Lyrical Traces — Liang Zhaoxi’s Melancholy and Healing

Lyrical Traces — Liang Zhaoxi’s Melancholy and Healing
Lyrical Traces — Liang Zhaoxi’s Melancholy and Healing

2022.12.17 - 2023.04.23 | 3F, Yu-Hsiu Museum of Art

Introduction

It is hard to overlook Liang Zhaoxi’s preference for charcoal when viewing his works. His paintings are mostly monochromatic. Except a tint of yellow brown or red ocher, he rarely uses any color. Different shades of gray dominate the primary visual impression of his works. Liang early works from the 1980 onward are characterized by a gloomy style and reminiscent of images enlarged from photographic films, with a vivid sense of granularity and traces. Like rubbing, the gloominess spreads in his work—death, oblivion and desolation seem to constitute the expression of Liang’s work.

 

After 2009, a stylistic shift has emerged in Liang’s works. His images appear to include more blankness, with a higher degree of light and air. In addition to interior still lifes that he often painted in an earlier period, his works from the later period are somehow more reflective of his life: Liang adopted a patch of garden near his home in Paris. Therefore, he has been able to closely observe and delineate more plants and roses that are full of life. Comparing to the withering objects in his previous works, a rather obvious difference becomes visible in his works. Perhaps his trips to museums, antique markets, and zoos have also inspired him, as he has started to include subject matters such as dinosaur fossils, knight’s armors, steam locomotive, tiger, peacock, and horse. While his works become lighter, his delineation of silhouettes also appear clearer and spaced more proportionately. This exhibition features some of Liang’s landscapes, which he has picked up again in recent years. In these landscapes, the mountains are softer than before, whereas the woods and trees are more verdant and vigorous.

 

From the late 1990s to 2008, Liang underwent a decade of creatively quietude. However, he has always been reserved and keeping a low profile, without talking much about his personal life. His painting exudes a lyrical air even though his subject matter is realist. From his early melancholic style to the healing quotidian life in the later period, his composition and brushstroke reveal his changing inner world. Despite the repeated subject matter of his painting, Liang never aims to convey any specific implication, but instead concentrates on his own feelings. Sometimes his images look surrealistic, and sometimes they are depicted with montage-like juxtapositions, both of which make viewing his works lastingly intriguing and pleasantly surprising.

Artists' Profile

 




Liang Zhaoxi

Liang Zhaoxi (b. 1953) was born in the British Solomon Islands Protectorate. Throughout his childhood, he was immersed in a world surrounded by the ocean. He moved to Hong Kong at the age of twelve, and has lived in Paris since 1976. From 1976 to 1980, he studied at the École nationale supérieure des Beaux-arts de Paris. Liang lives a simple life. He has a rather low-key personality, and rarely talks about himself. Such individual characteristics can also be observed in his approach to artistic creation—instead of imposing his own ideas onto his works, he prefers to leave the audience to observe and discover their own relationship with the works.
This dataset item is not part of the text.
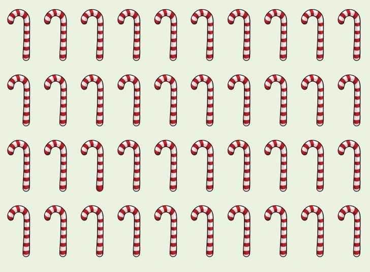 Az alábbi képen több, első ránézésre teljesen egyforma karácsonyi cukorpálcát látsz, a látszat viszont bizony csal, mert az egyik apró részletében ugyan eltér, de a többitől. A kérdés csak az: képes vagy 5 másodperc alatt kiszúrni, melyik lóg ki a sorból?

Liang is deeply fond of charcoal drawing on paper. From the early 1980s to the late 1990s, he painted landscapes, plants, interior still lifes, which somehow looked heavy and gloomy. These images bring to mind works created with the technique of frottage, as well as the visuality of black-and-white photography. They always exude a strong sense of historical traces. When depicting his subjects, the artist has emphasized on physical features, rendering them similar to fossils and specimens, as if they would turn into dust at some unknown moment.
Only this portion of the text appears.